- 41
Yiannis Gaitis Greek, 1923-1984
Description
- Yiannis Gaitis
- Tourists at Cape Sounion
signed l.r.; inscribed on the stretcher
oil on canvas
- 130 by 162cm., 51¼ by 63¾in.
Provenance
Exhibited
Cyprus, Galerie Polytopa, Yiannis Gaitis, November 1980
Literature
Serafini Giuliano, Yiannis Gaitis, Florence, 1982
Loretta Gaitis-Charrat, Catalogue raisonné de l'oeuvre de Yiannis Gaitis, Angers, 2003, no. 1479, p. 342, illustrated
Catalogue Note
After completing his studies at the School of Fine Arts in Athens, Gaitis moved to Paris in 1954 and subsequently divided his time between these two cities. Around 1960 he developed a rich expressionistic vocabulary to fashion biomorphic forms that later gradually evolved into stereotypical human figures.

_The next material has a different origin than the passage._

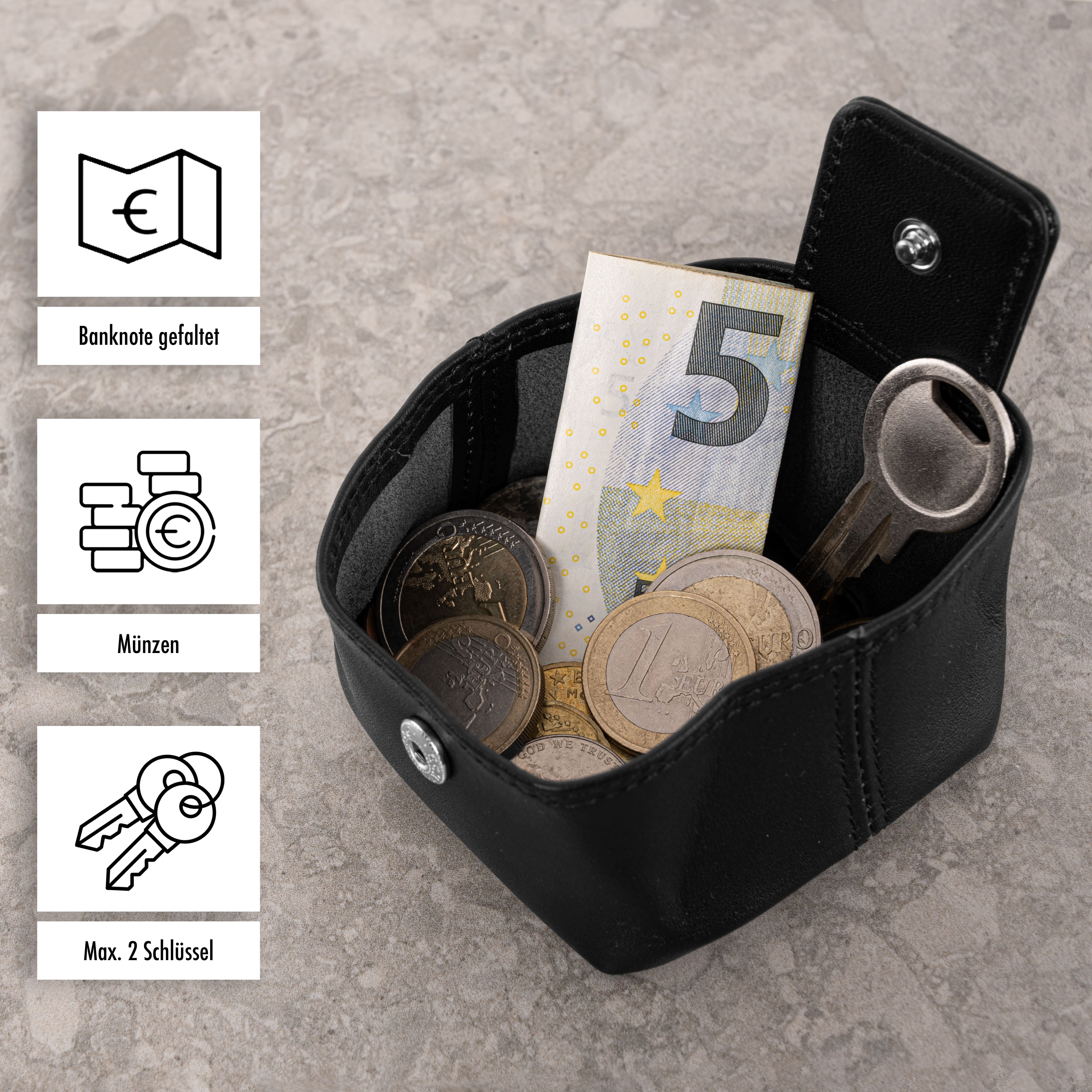 Die Mini-Münzbörse im Stil der traditionellen „Wiener Schachtel“ öffnet sich weit und ermöglicht schnellen Zugriff auf Münzen oder Kleinteile. Innen ist Platz für Münzen, zwei Schlüssel oder einen gefalteten Geldschein – alles kompakt und sicher verstaut.

Treating this subject over and over again, Yiannis Gaitis became famous for this depiction of 'little men' - figures without specific features that represented man as the product of mass culture, whose behaviour is uniform and predictable, and who remain estranged from their fellows. These little men thus depicted the anonymity, uniformity and sterility of contemporary mass living, which implied the subjugation of individual identity to average communality, and its eventual loss in the nameless mass of the modern world.